Have you ever loved someone/something so much that it made you cry? I spend hours just staring at Zayne; watching him play, watching him sleep, watching him eat... Maybe I'm still in awe that he's actually here. I don't know. What I do know is that he is the most perfect little person, and I love him with my whole heart.
I think I'm finally getting the hang of this "mommy" thing! It's really not a hard job tho. He's such a good baby! I'm guessing that because he's such a happy baby, our next kid will probably be a terror! ;)
So much has happened since my last post. I went back to work just before Christmas, and I really thought I was dying when I left Zayne at home. I'm glad I had a commute, because it took a bit to stop the tears once I walked out the door. Brian was home with him most days, but we had a couple girls come babysit when B was at work. They even said that Zayne was the best baby they've ever watched! That made me feel awesome, but of course, I already knew that he was the best! ;) As hard as it is to leave him every morning, his big smile when I get home is the best part of my day.
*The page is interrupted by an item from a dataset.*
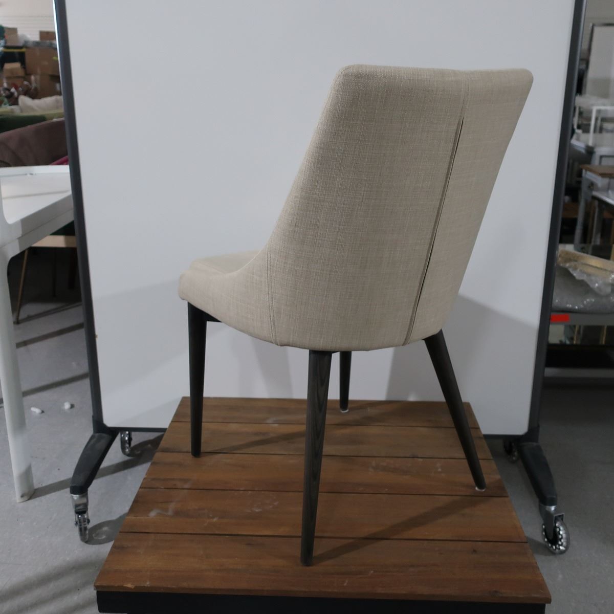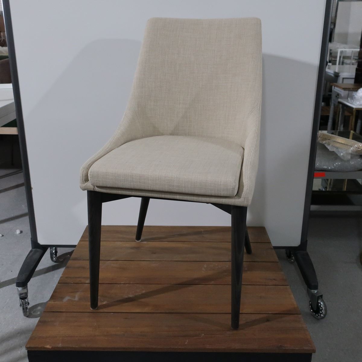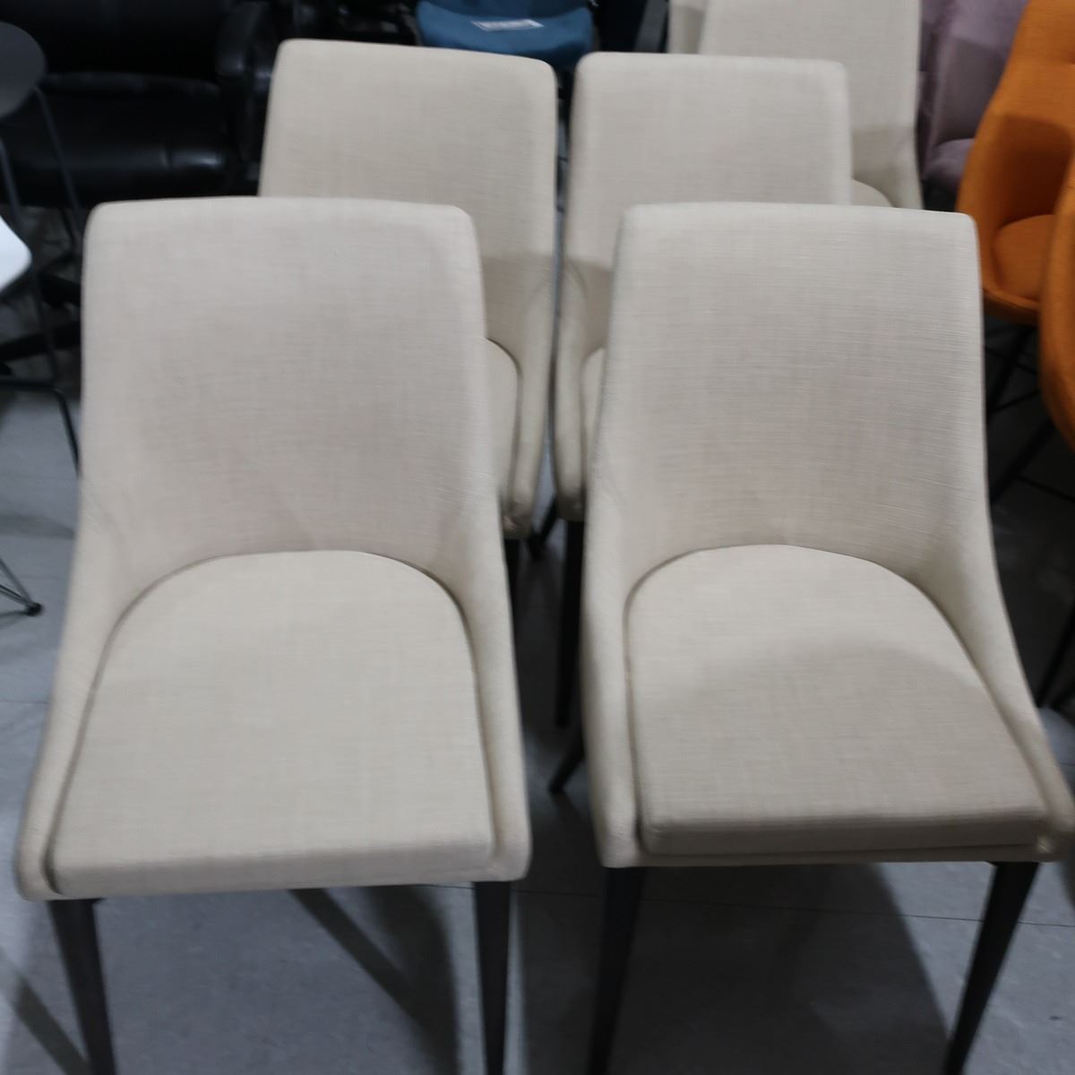 LOT: 4 CHAIRS, BEIGE FABRIC, WOOD BASE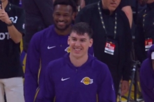 GIF-八村代替詹姆斯执行赛前仪式,多次尝试没成功,队友笑嘻了~

Zayne's first Christmas was an awesome day. He is definitely spoiled! He had so many presents to open that he had to stop and eat and have a nap midway through opening them all. He got a lot of books, and he loves to have stories read to him. I try to read to him at bedtime, but anytime he's eating is a good time to read. (He gets kind of spazzy sometimes when he's eating, but reading seems to calm him a bit.) He also loves toys that light up and make noise. He got one toy that has a little piano keyboard on it, and he absolutely loves it. He will sit against one of us and kick at the keyboard to make it play, and he just laughs and smiles like it's the best thing in the world. He's just starting to reach for it with his hands. Maybe he'll be a musician like his momma some day!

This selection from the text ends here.